Rich Marino, President, And Scott Reisfield, COO, Active Life Pet Products, Boulder Organic chow for the house cat? Two food-business veterans seek fortune in people treating animals like family.
By Maggie Overfelt

(FORTUNE Small Business) – Fancy lunches, luxe sweaters, regular day spa visits: Dogs and cats have it pretty good these days. "We are seeing more people pamper their pets the way they would pamper themselves," says Lee Avarado of the American Pet Products Manufacturers Association, noting that last year Americans spent over $29 billion on their pets. "And with food, health-conscious people are demanding the same for their cats and dogs."

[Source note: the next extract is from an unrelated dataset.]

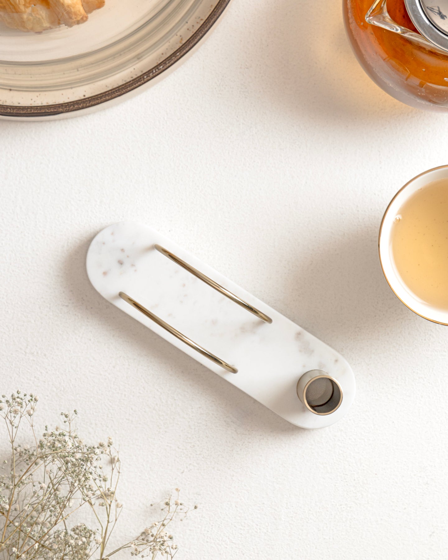 Add a refined touch to your table décor with the Marble Napkin Stand. Beautifully crafted from premium white marble and complemented with elegant brass detailing, this piece brings a subtle blend of sophistication and functionality to any setting.

Scott Reisfield and Rich Marino founded Active Life Pet Products in 1998 to tap into that trend, offering the nation's some 64 million pet owners what they say is a healthier line of cat and dog food. "If you compare us to conventional pet-food companies," says Reisfield, "then we're delivering the organic version." Active Life is basically human food sold for animals: It's one of only two pet-food brands (the other is Halo's Spot's Stew) that can technically be labeled as fit for people because of how it's made.

The idea was Marino's. After a career in the food business, including pet food, he had an epiphany in two waves while running a consultancy in the mid-1990s. He saw health foods grow while working with all-natural cereal maker U.S. Mills, and he saw canning machines sitting largely unused at a Chicken of the Sea tuna facility. "And it hit me: Why couldn't we can whole chicken--naturally--for pets during the machines' downtime?"

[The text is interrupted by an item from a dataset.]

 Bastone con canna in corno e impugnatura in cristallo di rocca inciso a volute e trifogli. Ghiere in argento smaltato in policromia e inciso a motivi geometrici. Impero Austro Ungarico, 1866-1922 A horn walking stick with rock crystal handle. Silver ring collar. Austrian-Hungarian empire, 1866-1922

Marino approached Reisfield, whom he had first met 20 years ago when both were at Heinz revitalizing 9Lives cat food, about the idea in 1998. They paired up, raised startup money through their families, and within a year had their product. Reisfield, the marketing guy, decided to educate independent pet-shop owners and their distributors, since many shop owners act as health and food advisors for pet owners. "Most proprietors opened stores because they cared about animal nutrition and health," he says. Active Life will never be sold at conventional supermarkets, says Reisfield, because he can't ensure they'll have knowledgeable salespeople evangelizing for its products. So far the evangelists have made the Boulder-based company profitable, according to Marino, on $4 million in annual revenues.

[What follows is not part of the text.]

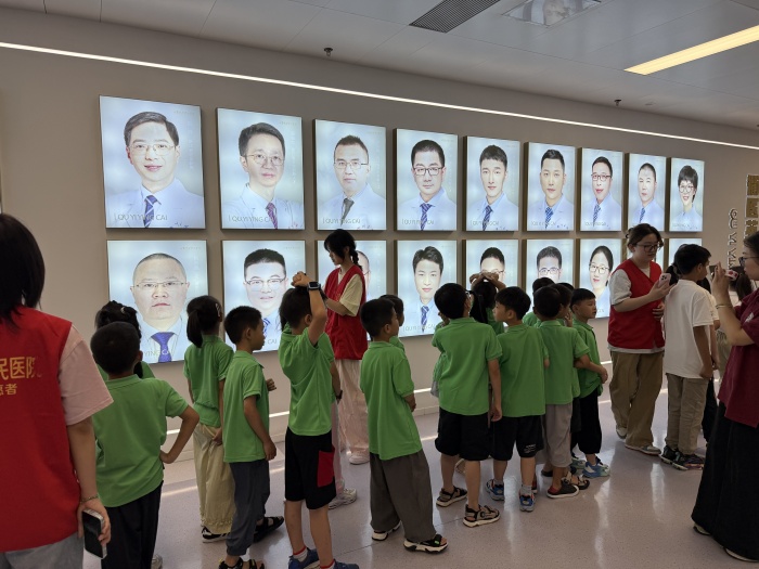 開營首日的“職場探秘”成了孩子們最期待的活動。在老師們的引導下,萌娃牽著小手,排著整齊的隊伍穿行于院區(qū)。走進人才學科長廊,墻上展示的“醫(yī)學超人”瞬間抓住了孩子們的目光,有的不禁歡呼道:“這是我媽媽!”。

But as with other all-natural companies, the big question lingers: Is organic really better or just marketing hype? "There's no scientific support yet that people should be concerned about preservatives in pet foods," says Dr. Nancy Irlbeck, an animal-science professor at Colorado State University. "Consumers should be careful about paying more for the same- or lower-quality product." (Active Life is about 50 cents a can more expensive than conventional high-end pet food.) But as Dr. Irlbeck ticks off what makes ideal pet nutrition, many items are things that Active Life says it's already figured out: a meat quality fit for humans, and cat foods without grain. "We're offering customers confidence when they open one of our cans," says Marino. And Reisfield and Marino hope that cooks up a rich stew for their business.